--- INFORMATION SUPPLIED ---
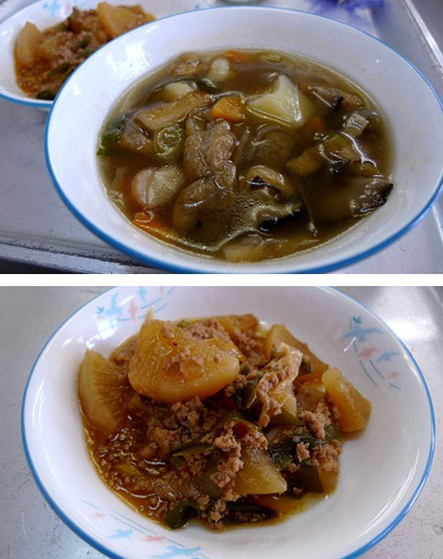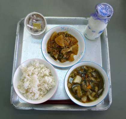 今日のメニューは、のっぺい汁、大根と豚ひき肉の甘辛しょうゆ炒め、麦ごはん、牛乳、そして納豆です。(写真 1)
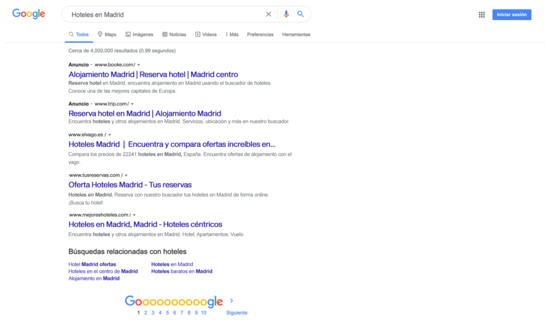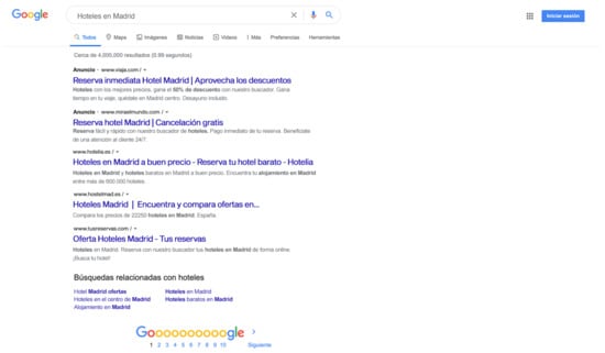 First, the Google Ads tool was used to search for the keywords most used when searching for hotels. The most frequent were then chosen for later use in the design of the ad messages. When designing the messages of the organic results, real search results were imitated. Next, because the experimental design was based on testing the influence of the regulatory fit on the persuasiveness of the ads, in two of the three experimental conditions, the ads were oriented according to the promotion (PRO) or prevention (PRE) fit. In the third condition, the ads had no orientation at all (in Spanish: ‘anuncio sin orientación’; ASO). In the case of the organic results, messages were designed with neutral messages to avoid influencing the attention and behavior of the subjects. The experimental conditions are shown in Figure 1, Figure 2 and Figure 3.
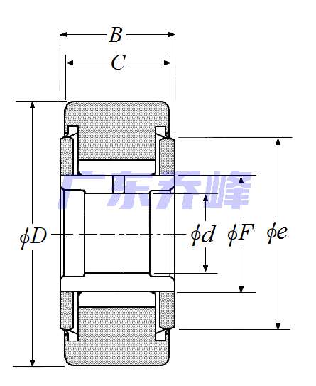 | 擋圈型滾輪軸承 - 帶內圈,雙面密封,NATV型,圓柱內徑 - 尺寸 | |
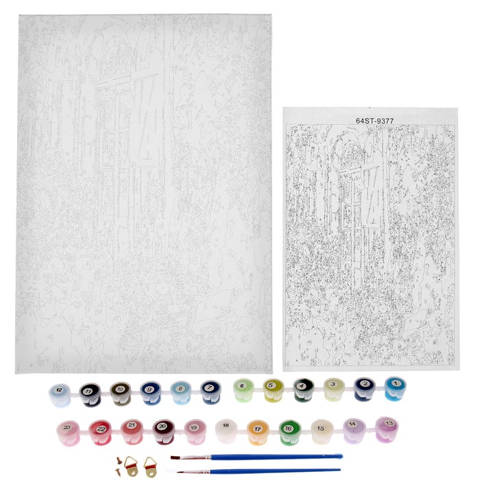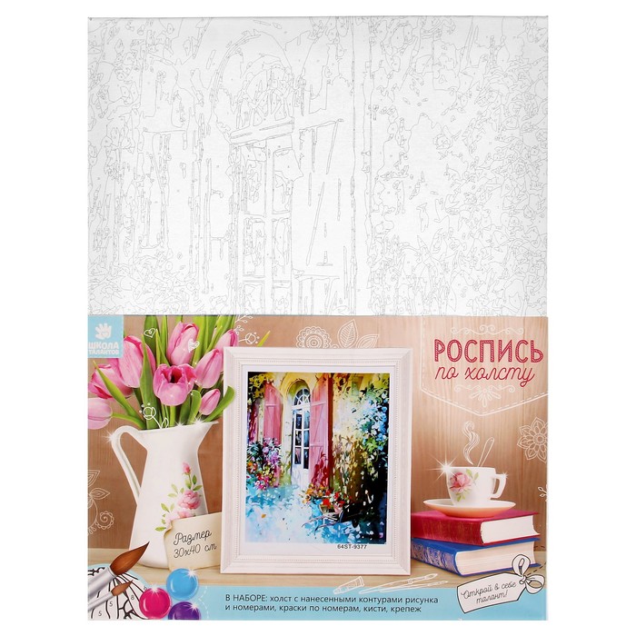 Роспись по холсту "Цветы у окна" по номерам с красками по3 мл+ кисти+инстр-я+крепеж 30*40

--- ABOUT THIS TASK ---
Repeat the whole of the material above exactly, but keep the pictures out.

--- TASK RESULT ---
 今日のメニューは、のっぺい汁、大根と豚ひき肉の甘辛しょうゆ炒め、麦ごはん、牛乳、そして納豆です。(写真 1)
 First, the Google Ads tool was used to search for the keywords most used when searching for hotels. The most frequent were then chosen for later use in the design of the ad messages. When designing the messages of the organic results, real search results were imitated. Next, because the experimental design was based on testing the influence of the regulatory fit on the persuasiveness of the ads, in two of the three experimental conditions, the ads were oriented according to the promotion (PRO) or prevention (PRE) fit. In the third condition, the ads had no orientation at all (in Spanish: ‘anuncio sin orientación’; ASO). In the case of the organic results, messages were designed with neutral messages to avoid influencing the attention and behavior of the subjects. The experimental conditions are shown in Figure 1, Figure 2 and Figure 3.
 | 擋圈型滾輪軸承 - 帶內圈,雙面密封,NATV型,圓柱內徑 - 尺寸 | |
 Роспись по холсту "Цветы у окна" по номерам с красками по3 мл+ кисти+инстр-я+крепеж 30*40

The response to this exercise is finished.